Development property and land
Whole or a material part of an estate identified as having potential for development. Such assets are classified as development property and land until development is completed and they have the potential to be fully income generating.
Effective occupancy
Total open market rental value of the units leased (including assets under development, units undergoing refurbishment and units under offer to let) divided by total open market rental value.
EPRA
The European Public Real Estate Association, the industry body for European REITs.
EPRA cost ratio
The sum of property expenses and administration expenses as a percentage of gross rental income, less ground rents calculated both including and excluding direct vacancy cost.
EPRA earnings
IFRS profit after tax excluding movements relating to changes in fair value of investment properties, gains/losses on property disposals, changes in fair value of financial instruments and the related tax effects.
EPRA earnings per share ("EPRA EPS")
A measure of EPS on EPRA earnings designed to present underlying earnings from core operating activities based on the weighted average number of shares in issue during the period.
EPRA guidelines
The EPRA Best Practices Recommendations Guidelines October 2019 and the EPRA Sustainability Best Practices Recommendations Guidelines September 2017.
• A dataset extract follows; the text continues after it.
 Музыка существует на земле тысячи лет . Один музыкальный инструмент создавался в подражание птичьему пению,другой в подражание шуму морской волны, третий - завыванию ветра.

EPRA like-for-like rental income growth
The growth in rental income on properties owned throughout the current and previous period under review. This growth rate includes revenue recognition and lease accounting adjustments but excludes development property and land in either year and properties acquired or disposed of in either year.
EPRA LTV
The EPRA LTV's aim is to assess the gearing of the shareholder equity within a real estate company.
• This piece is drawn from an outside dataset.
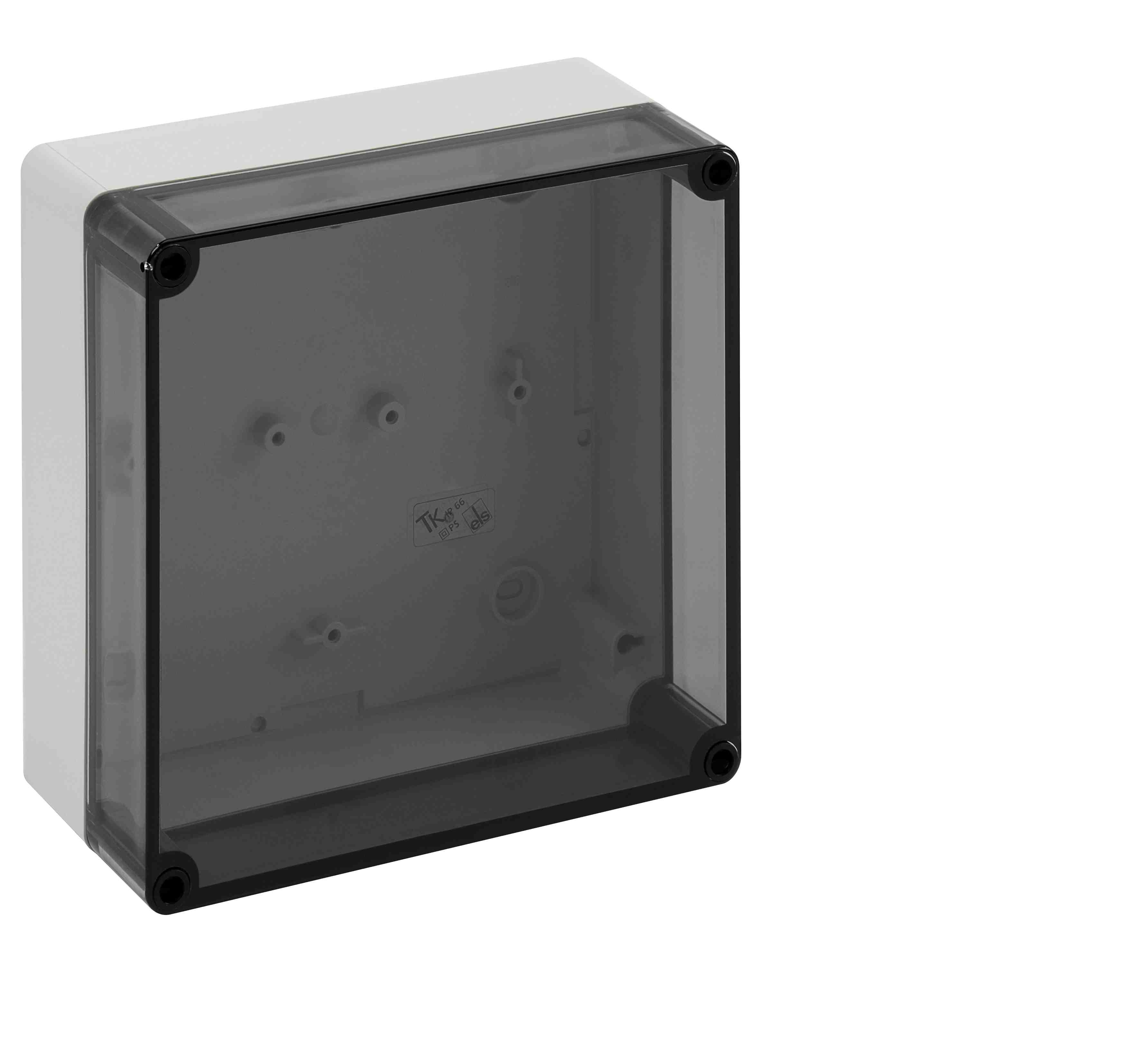 Prázdná skříň, se stupněm krytí IP66, polystyren, Ui=690V AC, Ui=1000V DC, Vnitřní místa pro připevnění, pro standardní instalace ve vnitřním prostoru, Krabice: polystyren, šedá, Víko: polykarbonát, transparenti, hladké boky Rozměry: 182 x 180 x 84 mm

EPRA NDV/EPRA NRV/EPRA NTA per share
The EPRA net asset value measures figures divided by the number of shares outstanding at the balance sheet date.
EPRA net disposal value ("EPRA NDV")
The net asset value measure detailing the full extent of liabilities and resulting shareholder value if company assets are sold and/or if liabilities are not held until maturity. Deferred tax and financial instruments are calculated as to the full extent of their liability, including tax exposure not reflected in the statement of financial position, net of any resulting tax.
EPRA net initial yield ("EPRA NIY")
The annualised passing rent generated by the portfolio, less estimated non-recoverable property operating expenses, expressed as a percentage of the portfolio valuation (adding notional purchasers' costs), excluding development property and land.
EPRA net reinstatement value ("EPRA NRV")
The net asset value measure to highlight the value of net assets on a long-term basis and reflect what would be needed to recreate the Company through the investment markets based on its current capital and financing structure. Assets and liabilities that are not expected to crystallise in normal circumstances, such as the fair value movements on financial derivatives and deferred taxes on property valuation surpluses, are excluded. Costs such as purchasers' costs are included.
EPRA net tangible assets ("EPRA NTA")
The net asset value measure assuming entities buy and sell assets, thereby crystallising certain levels of deferred tax liability.
EPRA 'topped-up' net initial yield
The annualised passing rent generated by the portfolio, topped up for contracted uplifts, less estimated non-recoverable property operating expenses, expressed as a percentage of the portfolio valuation (adding notional purchasers' costs), excluding development property and land.
EPRA vacancy rate
Total open market rental value of vacant units divided by total open market rental value of the portfolio excluding development property and land.
EPS
Earnings per share.
Equivalent yield
The weighted average rental income return expressed as a percentage of the investment property valuation, plus purchasers' costs, excluding development property and land.
ERV
The estimated annual open market rental value of lettable space as assessed by the external valuer.
FCA
Financial Conduct Authority.
FTSE 250
Capitalisation-weighted index consisting of the 101st to the 350th largest companies listed on the London Stock Exchange.
FTSE All share
Capitalisation-weighted index, comprising around 600 of more than 2,000 companies traded on the London Stock Exchange.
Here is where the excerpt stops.